Cloud Service Consumer Layer

Finally, this layer consists of different users who use cloud services. For example, a new startup that has limited funding can consume cloud services (e.g., hosting their services in Amazon S3). Interactions for this layer include: i) service discovery where users are able to discover new cloud services and other services through the Internet, ii) trust and service interactions where users are able to give their feedback or retrieve the trust results of a particular cloud service, and iii) registration where users establish their identity through registering their credentials in IdM before using TMS.

 

Sybil Attacks Detection

Since users have to register their credentials at the Trust Identity Registry, we believe that Multi-Identity Recognition is applicable by comparing the values of users’ credential attributes from the identity records I. The main goal of this factor is to protect cloud services from malicious users who use multiple identities (i.e., Sybil attacks) to manipulate the trust results.
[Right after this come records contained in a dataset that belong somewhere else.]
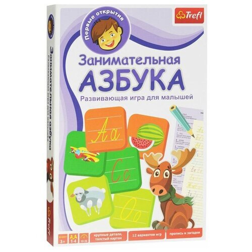 Развивающая игра Trefl "Занимательная Азбука" - это настольная игра для малышей от 3 лет. В этой игре юным первооткрывателям предстоит узнать много нового о буквах, входящих в состав русского алфавита, изучить, как выглядят заглавные и строчные буквы, расширить собственный словарный запас и многое другое. В комплект 30 карточек с буквами, 30 карточек с предметами, лист с загадками и инструкция на русском языке. В эту игру можно играть 12 различными способами, и все они приведены в подробной инструкции, входящей в комплект. Вы сможете отгадывать загадки, изучать буквы, а также использовать прописи. Это простая, но невероятно увлекательная игра, которая гарантирует детям массу позитивных эмоций и заряд хорошего настроения. Она способствует развитию творческого мышления, познавательных навыков, фантазии и внимательности ребенка в веселой игровой форме. Продолжительность игры - 10-25 минут
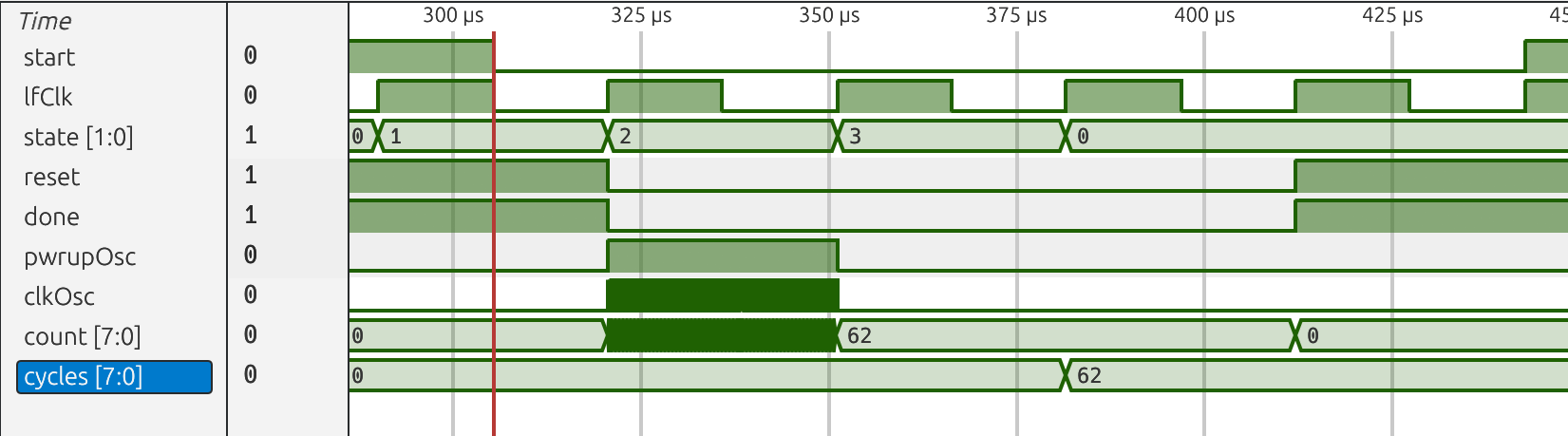 A waveform of the sequence can be seen in Figure 2. When the signal start is asserted the FSM transitions to power up the oscillator (pwrupOsc=1), and we can notice the clkOsc counts the clock pulses of the oscillator. On the next lfClk the oscillator is shut down and the counter naturally stops. The value from the oscillator is stored in the cycles register.
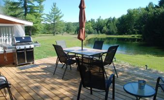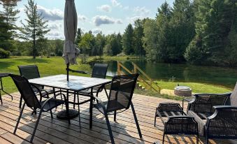 Whispering Pines Cottage overlooks our two acre "Mirror Pond", a deep, spring fed, icy-cold body of water home to our native brook trout (The State "Fish" of Michigan), with a large stand of tall White Pine as a backdrop behind the pond. Our cozy cottage has two bedrooms with queen-sized beds, dressers and closets, a bathroom with shower, living room - with gas fireplace, Wi-Fi, Int4rnet, TV and a large couch for laid-back evenings after a busy day exploring Benzie and Leelanau Counties, a fully equipped kitchen with adjacent dining area which has a "slider" to our deck, overlooking "Mirror Pond", gas grill, and patio furniture. A new deck has been created by the pond with a fire pit and grill. The cottage also has a washer and dryer for your convenience. The closely mowed grass surrounding the cottage and pond provide ample area to stretch your legs and enjoy the property. The bird feeders attract numerous species of birds from the forested area around the cottage who also "kick-out" enough bird seed for the "resident ducks" who come to the grassy areas surrounding the feeders for the treat left for them by their "cousins". Pond visitors include various species of ducks, Blue Herons, and occasional Egret's, and resident deer. Whispering Pines Cottage is at the hub of Our Northwestern Michigan vacation paradise. Going West on Honor Hwy (US-31) within fifteen minutes you'll quickly arrive on the shore of Lake Michigan in the Sleeping Bear National Lakeshore. Going East within ten minutes you'll arrive at Interlochen National Music Camp with its summer student performances as well as international "headliners" contracted by the Interlochen Music Camp to perform during the summer with monies raised from performances going toward student scholarships and operation of the school. Going North up Benzie Hwy 669 will quickly get you into the Sleeping Bear National Park's northern reaches as well as the "Winery Vineyards" of Leelanau County.

In a typical Trust Identity Registry, the entire identity records I are represented as a list of m users’ primary identities.

 

SYSTEM REQUIREMENTS:

HARDWARE REQUIREMENTS:

 

  • System                           :         Pentium Dual Core.
  • Hard Disk                      :         120 GB.
  • Monitor                         :         15’’ LED
  • Input Devices                 :         Keyboard, Mouse
  • Ram                               :         1GB.

SOFTWARE REQUIREMENTS: 

  • Operating system                    :         Windows 7.
  • Coding Language           :         JAVA/J2EE
  • Tool                               :         Netbeans 7.2.1
  • Database                        :         MYSQL

REFERENCE:

Talal H. Noor, Quan Z. Sheng, Member, IEEE, Lina Yao, Member, IEEE, Schahram Dustdar, Senior Member, IEEE, and Anne H.H. Ngu, “CloudArmor: Supporting Reputation-Based Trust Management for Cloud Services”, IEEE TRANSACTIONS ON PARALLEL AND DISTRIBUTED SYSTEMS, VOL. 27, NO. 2, FEBRUARY 2016.